Enoch Burke: Irish Evangelical Christian teacher returns to prison for using transgender pronouns

Irish teacher Enoch Burke (centre) arriving at Dublin High Court, after being jailed at Mountjoy Prison in Dublin for breaching a temporary court order requiring him to stay away from his workplace, Wilson’s Hospital School in Co Westmeath, and not to attend the classroom. Mr Burke, who is an evangelical Christian, was suspended from work with full pay last month pending the outcome of disciplinary proceedings after a number of incidents stemming from a transgender row.

Enoch Burke, who is an evangelical Christian, was suspended from his job with full pay last month pending the outcome of disciplinary proceedings after a number of incidents stemming from a transgender row at school.

Mr Burke has repeatedly expressed his opposition to a request by the school principal to address a transgender child by name and refer to them by the pronoun “they”.

Mr Burke was jailed at Dublin’s Mountjoy Prison on Monday on the order of a High Court judge after breaching a temporary court order ordering him to stay away from his place of work and not go in class.

On Wednesday, the board of Wilson’s Hospital School in Co Westmeath obtained an interlocutory injunction preventing him from attending school premises.

Mr. Burke told the court that he had no intention of complying with the court orders.

“If this court so decides, I will never leave Mountjoy prison if, by leaving prison, I violate my well-informed conscience and my religious convictions and deny my God.

“It seems to me that I can be a Christian in Mountjoy prison or be pagan and transgender-friendly outside of it. I know where I belong.

“My faith has brought me to this place and will keep me there, God helping me.”

He told the court that if he was given this choice “every hour of every day for the next 100 years,” he would answer the question the same way.

Mr Burke added: ‘This court seeks to strip me of my religious beliefs.’

He also claimed there had been an “unlawful attempt” to persecute him for declaring his opposition to transgenderism and that the court was depriving him of his freedom and dignity. “I spent the last two nights in jail,” he added.

“As you will understand, this is a new experience for me as a law-abiding citizen.

“I have had plenty of time to reflect on my actions and behavior that have brought me to this place and far from finding instances of misconduct, let alone serious misconduct, I have only found that my actions were commendable and that I had the courage to respond to the principal telling her that being transgender was child abuse and a violation of my constitutional rights to free expression of religious beliefs.

He told the court that what he was being asked to do was “against the work of God”.

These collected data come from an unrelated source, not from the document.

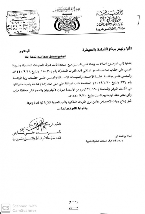 الجدير ذكره أن مركز سلمان للإغاثة والاعمال الانسانية قام مؤخرا باعتماد دعم القطاع الزراعي اليمني بكمية كبيرة من السماد، ووصلت الى مدينة مأرب ثمانية واربعين سيارة نقل كبير "قاطرة" تحمل كمية تقدر بـ 75000 كيس أي 3750 طن من سماد اليورياء.
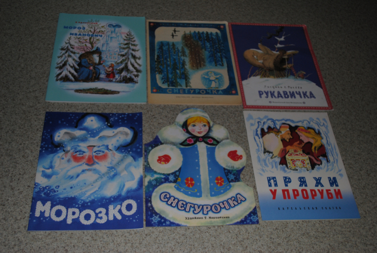 Скрепки зимние дочитывали. Рукавичку с Рачевым пока оставила, здесь иллюстрации нравятся, любят пристройки к рукавице разглядывать. В снегурочках разный пересказ, его тоже сравнивали. у остальных трех сюжет похож.
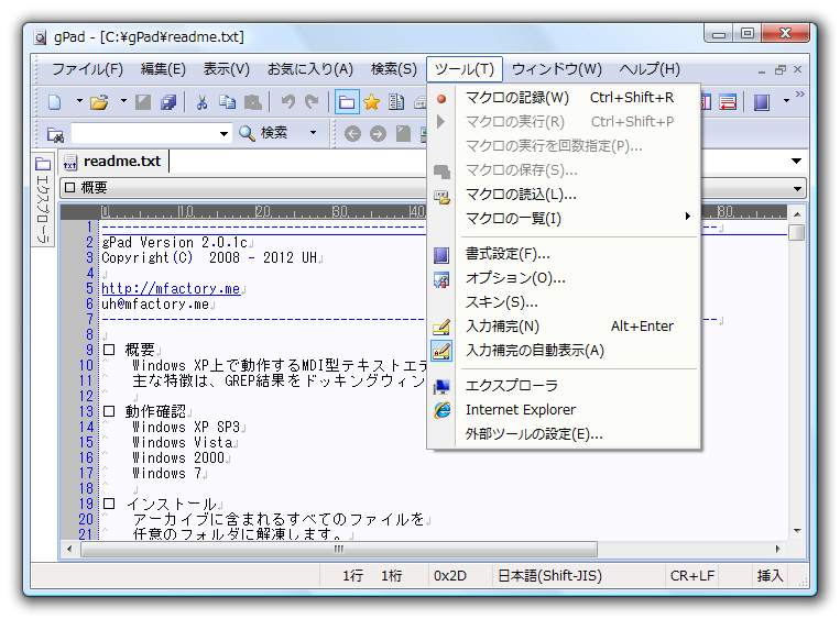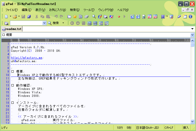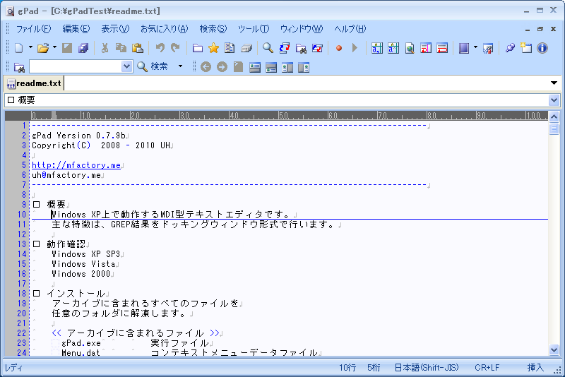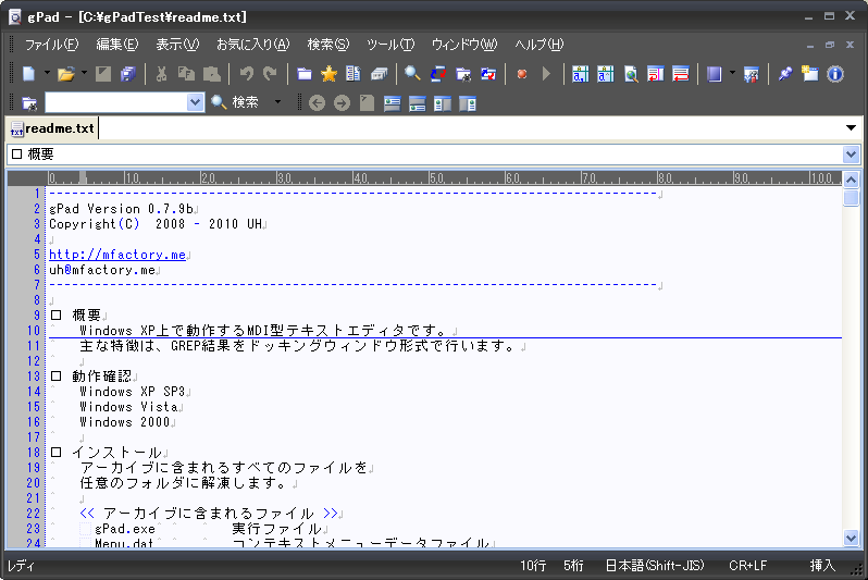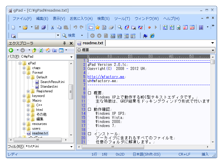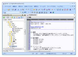 gPad は Windows で動作するMDI型テキストエディタです。 主な特徴は、GREP結果をドッキングウィンドウ形式で行います。

He claimed the principal’s “demands” forced him into transgender participation.

He further claimed that this request “deprived” him of his religious beliefs.

“I can’t get involved in this, it’s patently wrong, according to my religious beliefs and the scriptures,” he added.

“I considered my actions commendable because I have the integrity to obey God rather than man.

“My belief is that there are two genders, it is my religious belief and our constitution makes room for that belief. It guarantees the freedom to hold beliefs.

He added: “This court cannot deprive me of my religion and cannot deprive me of my dignity, it cannot deprive me of my faith in God and these are things that I intend to ‘to hang up”.

Solicitor Rosemary Mallon, the school’s board attorney, said it was ‘very clear’ from Mr Burke’s comment that he had no intention of complying with the court order.

She said he “knowingly and willfully” breached the order.

She also said the school had no choice but to take legal action as he was continuously attending the school.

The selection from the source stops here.